▸ **Work request**
Within the listing below, the lines to output run from the one containing "Este evento se" through the one containing "Standard LED spojovací"; copy them exactly and nothing else.

▸ **Dataset entries**
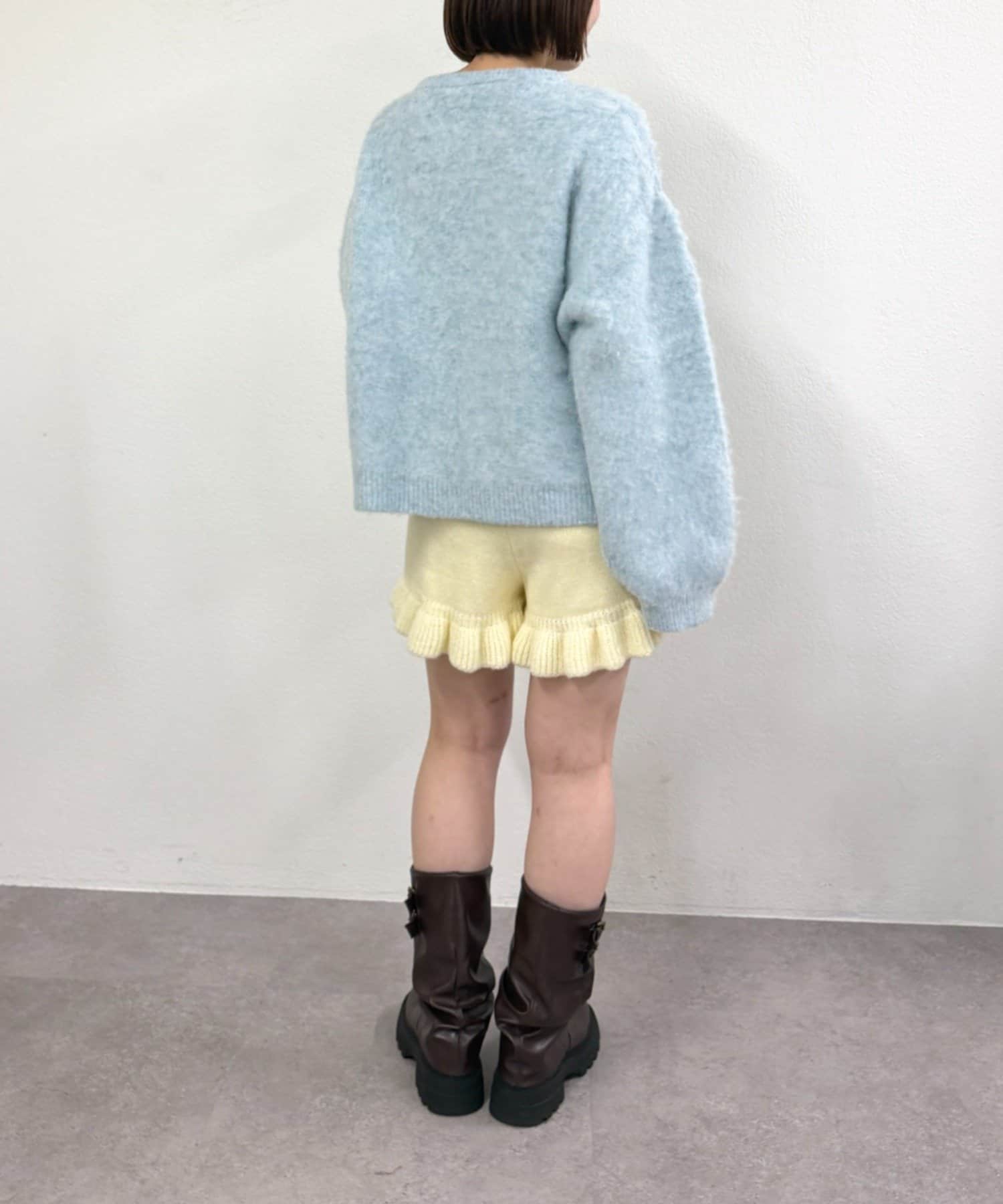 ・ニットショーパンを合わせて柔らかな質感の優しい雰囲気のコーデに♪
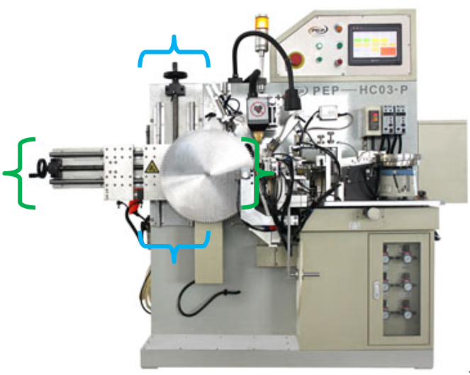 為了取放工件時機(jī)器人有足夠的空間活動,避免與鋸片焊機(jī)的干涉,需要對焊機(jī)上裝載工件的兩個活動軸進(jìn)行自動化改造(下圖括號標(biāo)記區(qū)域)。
--
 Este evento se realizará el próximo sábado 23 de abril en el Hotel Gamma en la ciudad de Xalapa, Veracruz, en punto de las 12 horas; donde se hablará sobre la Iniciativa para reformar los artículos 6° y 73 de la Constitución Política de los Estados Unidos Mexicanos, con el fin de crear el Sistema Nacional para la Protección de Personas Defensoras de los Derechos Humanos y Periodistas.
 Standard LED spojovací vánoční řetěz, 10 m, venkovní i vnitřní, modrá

▸ **Solution for this problem**
 Este evento se realizará el próximo sábado 23 de abril en el Hotel Gamma en la ciudad de Xalapa, Veracruz, en punto de las 12 horas; donde se hablará sobre la Iniciativa para reformar los artículos 6° y 73 de la Constitución Política de los Estados Unidos Mexicanos, con el fin de crear el Sistema Nacional para la Protección de Personas Defensoras de los Derechos Humanos y Periodistas.
 Standard LED spojovací vánoční řetěz, 10 m, venkovní i vnitřní, modrá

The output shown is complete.